Матрас я помыла с питьевой содой. Роберт заменил провода ламп, смастерил из пергаментной бумаги абажуры и сам их разрисовал: получилось что-то похожее на татуировки. Руки у него были золотые: он и в детстве мастерил ожерелья для мамы. Несколько дней он провозился с занавеской из бус: нанизал все на новые нити и завесил вход в спальню. Сначала я смотрела на занавеску скептически – таких штуковин у меня отродясь не бывало. Но в итоге привыкла – обнаружила, что занавеска созвучна цыганским струнам моей души.

Я съездила в Нью-Джерси за своими книгами и одеждой. В мое отсутствие Роберт развесил по стенам свои рисунки и задрапировал стены индийскими тканями. На каминной доске расставил, точно на алтаре, религиозные артефакты и мексиканские сувениры с Дня поминовения усопших. И наконец, устроил для меня кабинет с маленьким рабочим столом и обтрепанным ковром-самолетом.

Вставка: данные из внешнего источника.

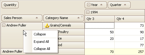 Right-click a value that has nested values, and select the required Expand or Collapse command from the menu that opens:

Мы объединили свои пожитки. Моя скудная коллекция пластинок поселилась вместе с его пластинками в ящике из-под апельсинов. Мое зимнее пальто и его овчинная жилетка повисли на вешалке рядом. Мой брат подарил нам новую иголку для проигрывателя, мама прислала сэндвичи с фрикадельками, завернутые в фольгу. Мы ели сэндвичи и радостно слушали Тима Хардина, и его песни становились нашими, рассказывали о нашей юной любви. Мама прислала еще и узел с простынями и наволочками: мягкими, привычными, залоснившимися – ими пользовались много лет. Вспомнилась мама: как она стоит во дворе и удовлетворенно оглядывает простыни на веревке, трепещущие в солнечных лучах.

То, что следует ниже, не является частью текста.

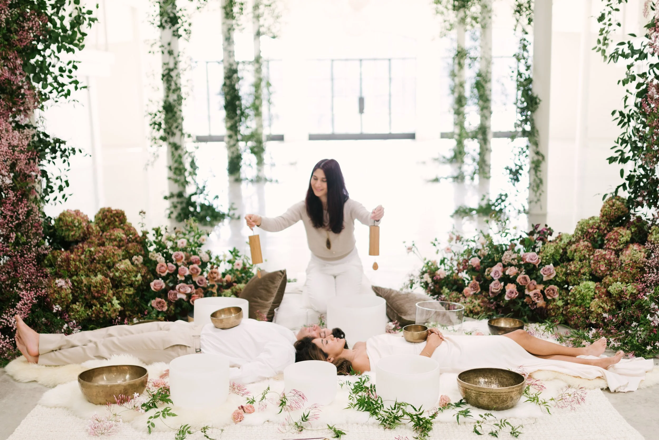 For a wedding event sound healing session, the sound bowl arrangement is tailored for the couple or wedding party. Participants can either lay or sit, relaxing as the soothing sounds of bowls, chimes, and other instruments wash over.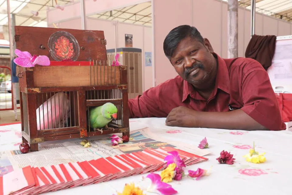 Parrot astrology is a rare sight these days, and part-time astrologer Selvaraju Muniyandi, 53, had been called in as a special segment of the festival. Lovingly urging Letchumi – his sidekick for the last 20 years – out of her cage, he politely asked her to pick, using her orange beak, a fortune card from a deck of 27.

Мои сокровища и грязное белье валялись вперемешку. Рабочий уголок тонул в моих рукописях и замшелых томах классиков, в талисманах и сломанных игрушках. На стену над самодельным столом я наклеила портреты Рембо, Боба Дилана, Лотте Ленья[25 - Лотте Ленья (1898–1981) – уроженка Австрии, работала как актриса и певица в Германии, а затем в США. Впервые получила известность благодаря роли в “Трехгрошовой опере”. Была замужем за композитором Куртом Вайлем. Массовый зритель помнит ее по роли Розы Клабб в фильме “Из России с любовью”.], Пиаф, Жене и Джона Леннона, на столе расположила тетради, чернильницу и перья. Этакая келья монашки-неряхи.

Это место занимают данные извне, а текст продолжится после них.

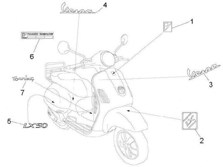 Badge for toolbox -PIAGGIO- Touring - Vespa GTS 300 (ZAPM45200, ZAPM45202), Vespa GTS Super 125 (ZAPMA3100, ZAPMA3200), Vespa GTS Super 300 (ZAPM45200, ZAPMA3300), Vespa LX 125 (ZAPM68300, ZAPM68100, ZAPM68303), Vespa LX 150 (ZAPM68400), Vespa LX 50 (ZAPC

В Нью-Йорк я не взяла с собой ничего, кроме нескольких цветных карандашей и деревянной дощечки, служившей мне этюдником. Как-то я нарисовала девушку у стола с разложенными картами – девушку, гадающую на картах о своей судьбе. Мне было нечего показать Роберту, кроме этого рисунка. Но ему очень понравилось. Роберт захотел, чтобы я попробовала рисовать на хорошей бумаге хорошими карандашами, и поделился со мной своими. Мы часами работали бок о бок, в состоянии синхронной сосредоточенности.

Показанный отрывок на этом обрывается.